Many people start drawing diagrams as soon as they get the prompt, only to design a system that is "correct but not what the interviewer wanted." Spending 5 minutes clarifying requirements can prevent 30 minutes of rework later.
Common clarification questions:
- What are the core features of the system? (Don't design every feature)
- What is the user scale? (Determines whether distribution is needed)
- What is the read/write ratio? (Determines caching strategy)
- How long does data need to be retained? (Determines the storage solution)
2. Capacity Estimation: The Art of Back-of-Envelope Calculations
"Back-of-envelope estimation" is a core skill in system design. You don't need precise calculations — just knowing the order of magnitude is enough.
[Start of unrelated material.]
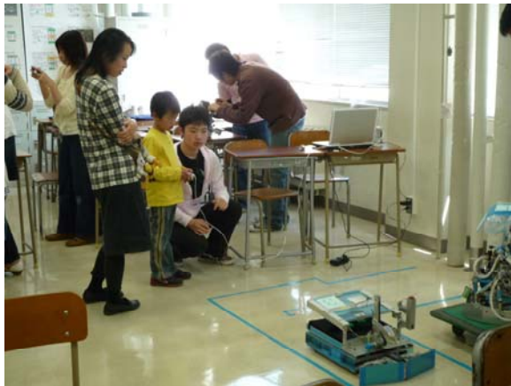
レスキューロボットを操縦する子供たち(写真左)

Quick Reference for Common Conversions
| Magnitude | Conversion | Memory Trick |
|---|---|---|
| 1 day | 86,400 seconds | ≈ 100K seconds |
| 100M requests/day | ≈ 1,200 QPS | Divide by 100K |
| 1 KB × 100M | ≈ 100 GB | 100M small records |
| 1 MB × 1M | ≈ 1 TB | 1M images |
The 80/20 Rule in Estimation
Most systems follow the 80/20 rule: 20% of the data handles 80% of the requests. This means:
- Cache size ≈ Total data volume × 20%
- Hot key QPS ≈ Total QPS × 80% concentrated on 20% of keys
- Cache hit rate target ≈ 80%+ (below this suggests a caching strategy problem)
3. Core Design Patterns
Patterns that appear repeatedly in system design — mastering these will prepare you for most scenarios.
3.1 Caching Patterns
| Pattern | Read Path | Write Path | Use Cases |
|---|---|---|---|
| Cache-Aside | Check cache first; on miss, query DB and backfill | Write DB first, then invalidate cache | General purpose, most commonly used |
| Read-Through | Cache layer automatically loads from DB | Same as Cache-Aside | Requires caching framework support |
| Write-Behind | Same as Cache-Aside | Write to cache first, async write to DB | Write-heavy, can tolerate data loss |
Why "Invalidate Cache" Instead of "Update Cache"?
Updating the cache is prone to data inconsistency in concurrent scenarios: threads A and B update simultaneously, A writes to DB first but B updates the cache first, resulting in B's stale value in the cache. Invalidating the cache causes the next read request to reload from DB, naturally avoiding this problem.
3.2 Database Sharding
When a single table exceeds tens of millions of rows, or when a single database's QPS hits a bottleneck, it's time to consider database sharding.
| Strategy | Approach | Advantages | Disadvantages |
|---|---|---|---|
| Vertical sharding | Split databases by business domain | Business decoupling, independent scaling | Cross-database JOINs are difficult |
| Horizontal sharding | Split one table into multiple tables by rule | Controllable data volume per table | Shard key selection is critical |
| Vertical table splitting | Split large columns into a separate table | Reduces I/O, improves query efficiency | Requires additional JOINs |
Shard Key Selection Principles:
- Choose the most frequently queried field (e.g., user_id)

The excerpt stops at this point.